At the upcoming AIIM social business virtual conference
, I am delivering two sessions on developing a social media policy for Facebook and Twitter. I am also writing several modules in that vein for an upcoming course. But as I started to put mouse to PowerPoint I started to think a bit about governance in the age of social business. And then I came to the Enterprise 2.0 conference in Boston. I had dinner with a bunch of really smart people and we started talking about governance, and one guy said, "Social media governance should be 80% social and 20% governance."
Hrm. After all, the traditional approach to writing policies is to draft very lengthy, very specific tomes filled with page after page of proscriptions. Then the thing has to be vetted across the entire organization to ensure that it's legally and operationally defensible, with the result that it can take months or longer to get a policy from initiation to approval and rollout. At the same time, those policies are often lengthy and difficult to understand, and attempt to regulate every possible aspect of the thing.
That's far too long generally; it's even more difficult to support today, when social business tools might be created, used, and fade away in the course of the same period. Yet there's still a need for effective guidance, particularly for organizations in highly regulated sectors like pharmaceutical or financial services.
The best policies will not prevent users from saying or doing the wrong things - only instilling a sense of organizational culture will do that. The policy should be a reminder rather than a checklist. Best Buy has an excellent example of this on its website - its 1-page policy
can be further reduced to the headline, "Be smart. Be respectful. Be human."

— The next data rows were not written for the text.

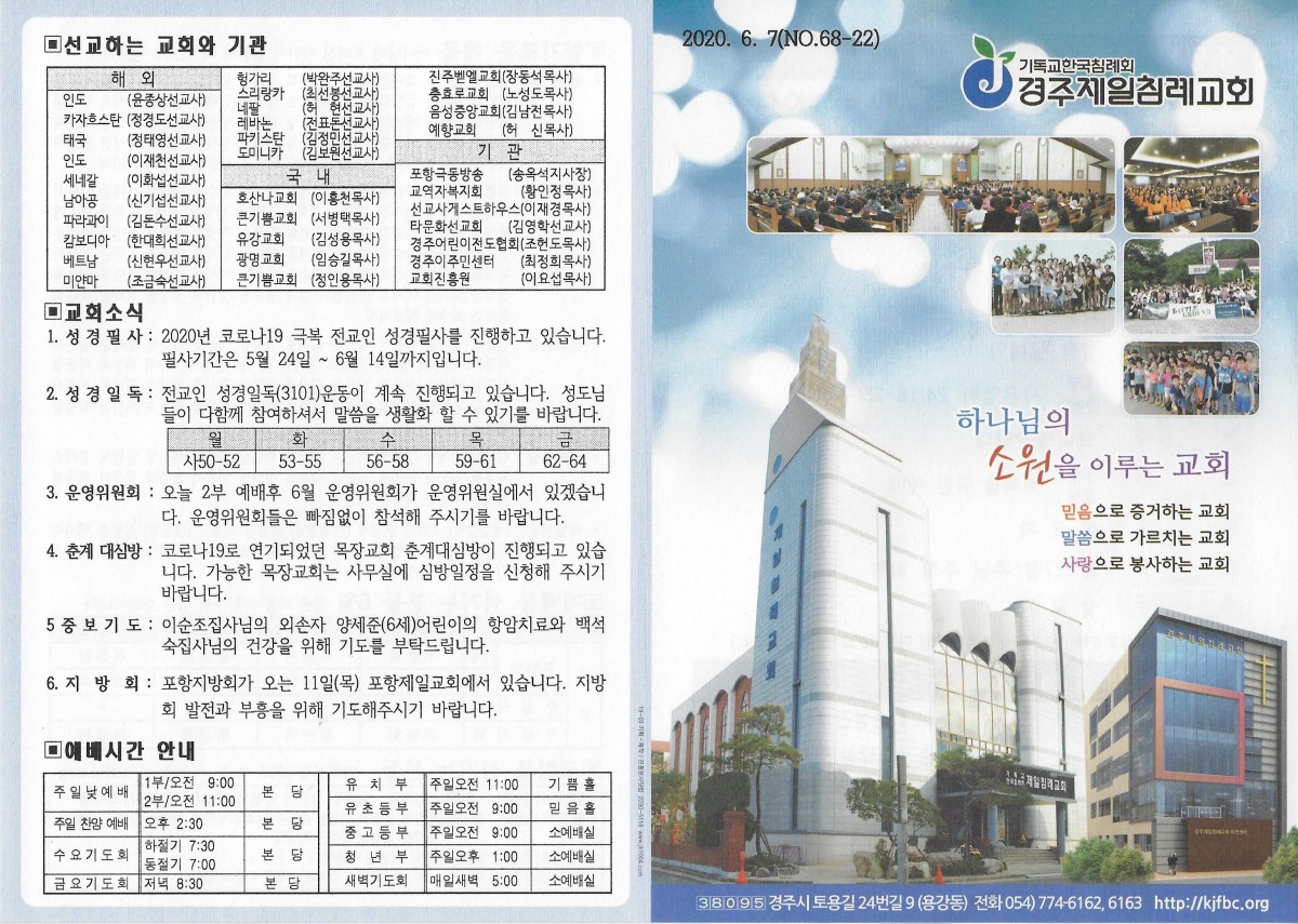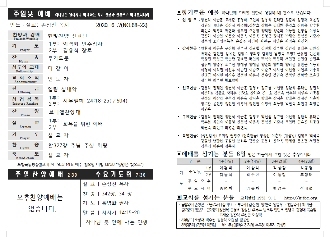 2020년 6월 7일 교회주보
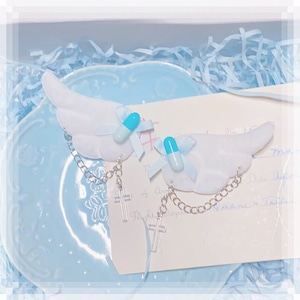 淡いブルーのリボンに、小さな天使の翼を添えたヘアアクセサリー。
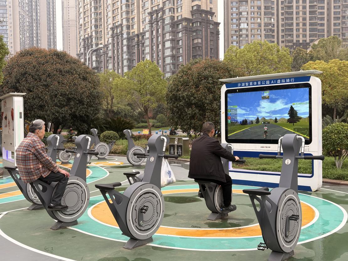 从AI虚拟骑行、AI竞速划船,到AI跳绳、AI八段锦,公园将体感识别、动态追踪、数据实时反馈等技术深度融入市民的日常锻炼中。运动不再凭感觉,而是有了看得见的数据、可量化的成效。
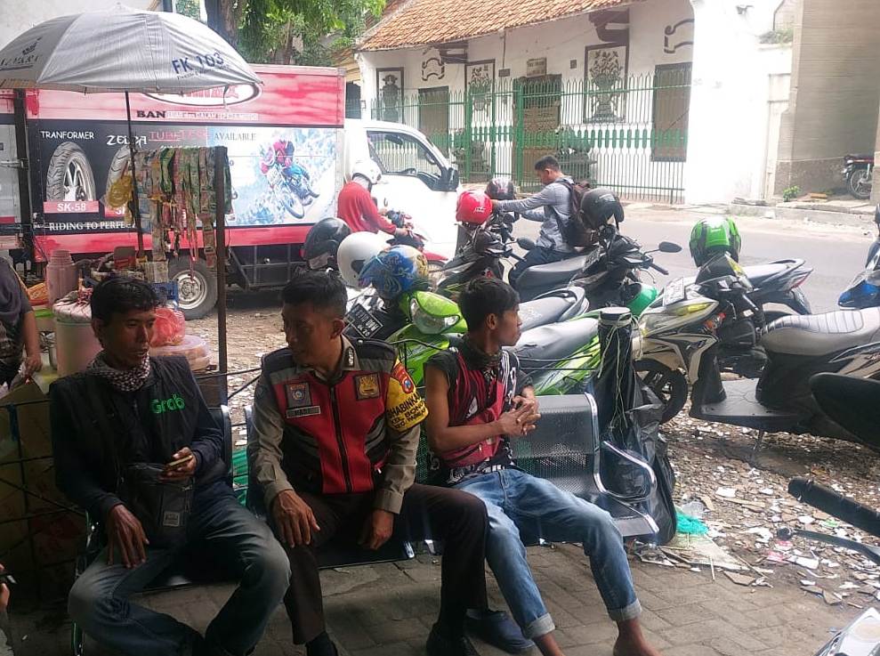 Seputarperak.com- Himbauan keselamatan berkendara di musim hujan disampaikan Aiptu Made Suarthana, Babinkamtibmas Bongkaran, Polsek Pabean Cantikan, Polres Pelabuhan Tanjung Perak kepada driver ojek online yang ditemui di Jalan Karet, Jumat siang, 6 Maret 2020.
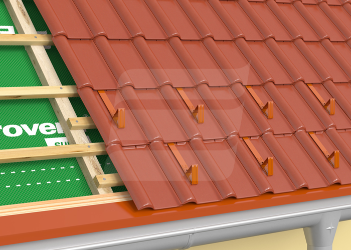 Используется в скатных кровлях как элемент разрушающий снег, разрушитель снега - снегорез. Монтируется на отдельные черепицы с помощью специально профилированного окончания. Благодаря его применению большое количество листьев или снега, падающее со склона кровли распадается на меньше части и не угрожает лицам находящимся вблизи здания.
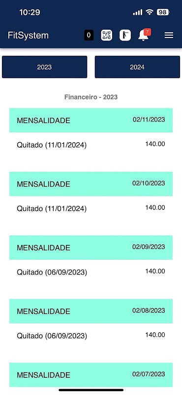 3. Finanz: Der Schüler kann sehen, die im laufenden und im Vorjahr gezahlten Beträge, und alle ausstehenden Gebühren.
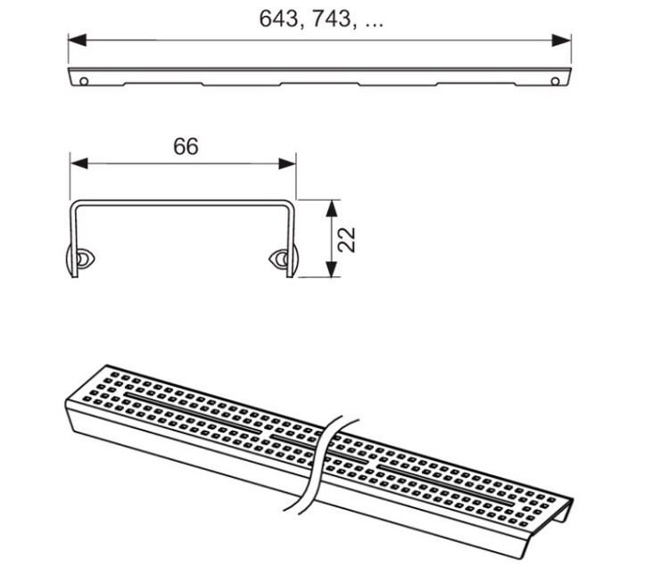 Дизайн-решетка, TECE, TECEdrainlinе, quadratum, ширина, мм-66, длина, мм-1000, высота, мм-22, материал-нержавеющая сталь, декоративная с перфорацией, цвет-нержавеющая сталь матовая Дизайн-решетка, TECE, TECEdrainlinе, quadratum, 1000, цвет-нержавеющая сталь матовая
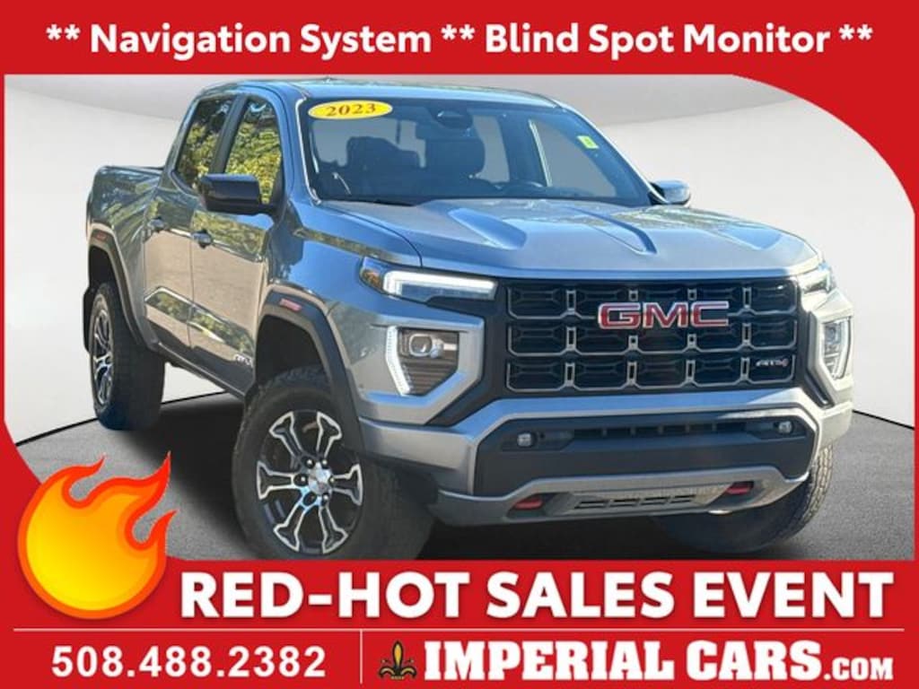 Navigation System, Blind Spot Monitor, Lane Keeping Assistance, Apple CarPlay / Android Auto, Cross Traffic Alert, Power Leather Seats, Heated Seats, Backup Camera, Bluetooth, Cruise Control, Power Windows, Power Locks, Steering Wheel Radio Controls, Aluminum Wheels, Towing Package, 4WD, 120-Volt Bed Mounted Power Outlet, 2 Rear USB Ports in Center Console (Charge-Only), 6-Way Power Passenger Seat Adjuster, 8-Way Power Driver Seat Adjuster, AT4 Premium Package, Automatic Emergency Braking, Automatic Locking Rear Differential, Blind Zone Steering Assist, Canyon Pro Safety, Canyon Safety Plus Package, Driver & Front Passenger Illuminated Visors, Driver & Front Passenger Ventilated Seats, Driver Memory, Driver Seatback Map Pocket, Dual-Zone Automatic Air Conditioning, EZ-Lift & Lower Tailgate, Following Distance Indicator, Forward Collision Alert, Front LED Fog Lamps, Front Pedestrian & Bicyclist Braking, Heated Driver & Front Passenger Seats, Heated Power-Adjustable Outside Mirrors, Heated Steering Wheel, Inside Rear-View Auto-Dimming Mirror, Integrated Trailer Brake Controller, IntelliBeam Automatic High Beam On/Off, Interior Overhead Courtesy Light w/Dual Reading Lamp, Lane Keep Assist w/Lane Departure Warning, Manual Rear-Sliding Window, MultiStow Tailgate, Navigation System, Perforated Leather-Appointed Seat Trim, Power Driver Lumbar Control Seat Adjuster, Power Passenger Lumbar Control Seat Adjuster, Preferred Equipment Group 4SG, ProGrade Trailering System, Rear Center Fold-Down Armrest w/2 Cupholders, Rear Cross Traffic Braking, Rear of Console 120-Volt Power Outlet, Rear-Window Electric Defogger, Remote Vehicle Starter System, Tailgate Keyed Cylinder Lock, Tilt & Telescopic Manual Steering Column, Trailering App System, Trailering Package, Ultrasonic Rear Park Assist, Wireless Charging. Sterling Metallic 2023 GMC Canyon AT4 AT4 4D Crew Cab 2.7L Turbo 4WD 8-Speed Automatic
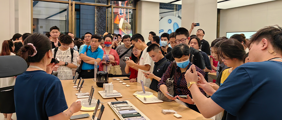 在北京唯一一家华为直营店,门店管理者不得不从深圳调拨人手面对激增的顾客。
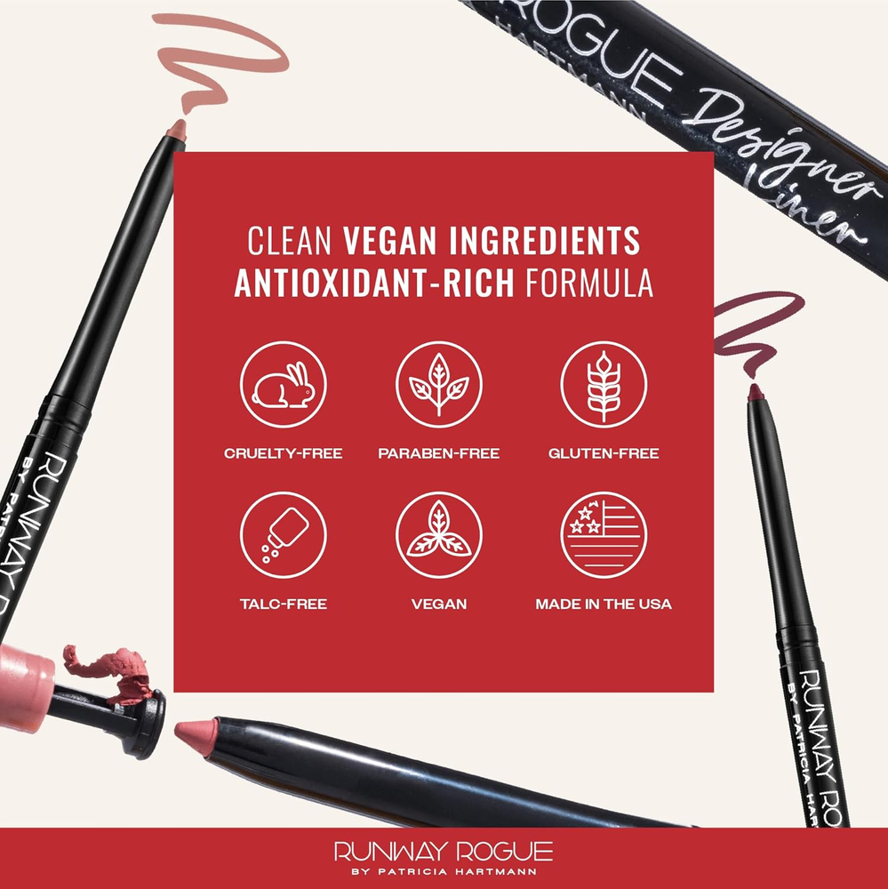 Designer Liner Lip Pencil, Matte Medium Dusty-Rose Lip Liner Pencil and Lip Liner Sharpener, ‘Work It Babe’ MATTE LIP LINER PENCIL: Designer Lip Liner is a creamy matte lip pencil designed to help contour and enhance your natural lip shape, keep your lipstick in place, and prevent lipstick from feathering and bleeding while also improving its long wear and lip color. ‘Work It Babe’ is a medium dusty-rose lip liner shade. SHARP LASTING LIP LOOKS: Make your lip makeup last by using our non-feathering, non-bleeding, and smudge- and water-resistant matte creamy lip liner. Define and fill your lip shape, or wear the color on its own. The built-in sharpener helps with precise application. CREAMY VEGAN FORMULA: A pout you feel good about! Our cruelty-free, vegan lip liner is long-lasting and features anti-aging peptides, smoothing shea butter, and 3D Chroma Technology with palmitoyl tripeptide-1 to help fill in fine lines and visually plump lips. APPLY LIKE THE PROS: Define your lips by lining out toward the corners. Get fuller lips by drawing over the edge of your natural lip line, or fill in the entire lip. Recap to protect the formula. Pair this lip pencil liner with liquid or traditional lipstick, or use it as a lip gloss definer. RUNWAY WORTHY, MADE FOR REAL LIFE: Founded by ’90s supermodel and cover girl Patricia Hartmann, who was mentored backstage by makeup legends, Runway Rogue creates luxurious, easy-to-use lip products for on-the-go women who desire the runway look without the runway hassle. Elevate your every day with Runway Rogue, where glamour meets convenience, and make every moment your real-life catwalk. Product Description The video showcases the product in use. The video guides you through product setup. The video compares multiple products. The video shows the product being unpacked. 1 APPLY LIKE THE PROS 2 DEFINE THE LINE 3 FOR A FULLER LOOK Our Collections Add to Cart Add to Cart Add to Cart Add to Cart Customer Reviews 4.3 out of 5 stars 512 3.9 out of 5 stars 376 4.0 out of 5 stars 852 4.0 out of 5 stars 730 Price $22.00 $ 22 . 00 $29.00 $ 29 . 00 $29.00 $ 29 . 00 $27.00 $ 27 . 00 Finish Matte, creamy Matte meets moisture Shiny, shimmery Silky, shimmery, high-pigment Type Lip liner Lipstick case Tube liquid lipstick Lip gloss Features Smudge- and water-resistant No feathering or bleeding Transfer-proof formula Protects and restores lips Number of Shades 10 7 Silk Glam: 9; Pearl Glam: 8 5 Vegan/Cruelty-Free ✔ ✔ ✔ ✔ Dimensions 1.83 inches x 5.25 inches x 0.88 inches. Weight: 0.32 oz Specifications Item model number DL04 Color Work it Babe Item Form Pencil Product Dimensions 5.25 x 1.83 x 0.88 inches; 0.32 ounces Country of Origin USA Skin Type All Finish Type Semi-Matte Creme Velvet Shipping: Shipped from the USA. Fast delivery within 2–3 days. Payment: PayPal, credit card, bank transfer. Returns: 30-day free return – we cover the shipping cost. Quality: Made in Europe/USA/China. No customs fees. VAT invoice on request. Feedback: You’ll automatically receive positive feedback after payment.
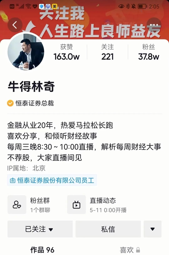 依照爆料线索,行家在抖音中找到了“牛得林奇”。这一标注为“恒泰证券总裁”的账号,有如下介绍:
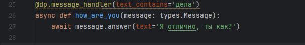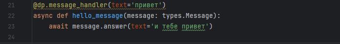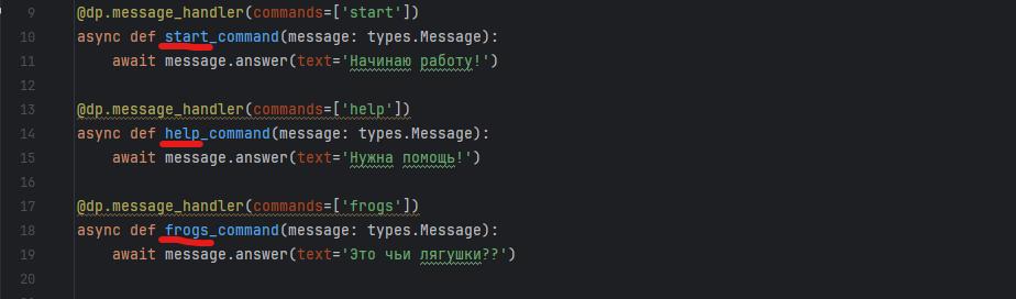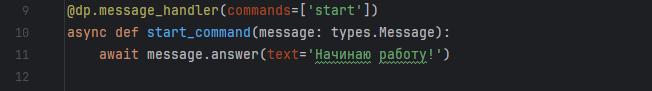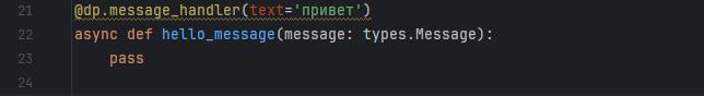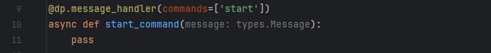 Также обязательно после декоратора создаём асинхронную (async) функцию (не забываем в качестве параметра передать наш message: types.Message), назвать её можно как угодно, но лучше дать имя, созвучное с обрабатываемой командой.

This policy is not filled with acceptable usage policies, examples of what not to do, etc. Yet Best Buy, a Fortune 50 company with more than 180,000 employees, seems to be doing OK with it. So maybe it's time to rethink the specifics of your policy and instead provide a simpler policy with some guidelines to back it up. Each tool has its own nuances in terms of functionality as well as how it is used by a particular organization, but the Best Buy example is pretty applicable across the board.
At the sessions I describe above, I will be taking a hybrid approach - attendees will see examples of a number of social media policies across a variety of sectors. In each session we'll look at some of the unique issues the tools provide and how to address them in the policy, but I think the conversation last night was correct - if you can do 80% social media and 20% governance, you'll have enough control to keep the organization out of trouble while not being so restrictive that nobody wants to use the tools.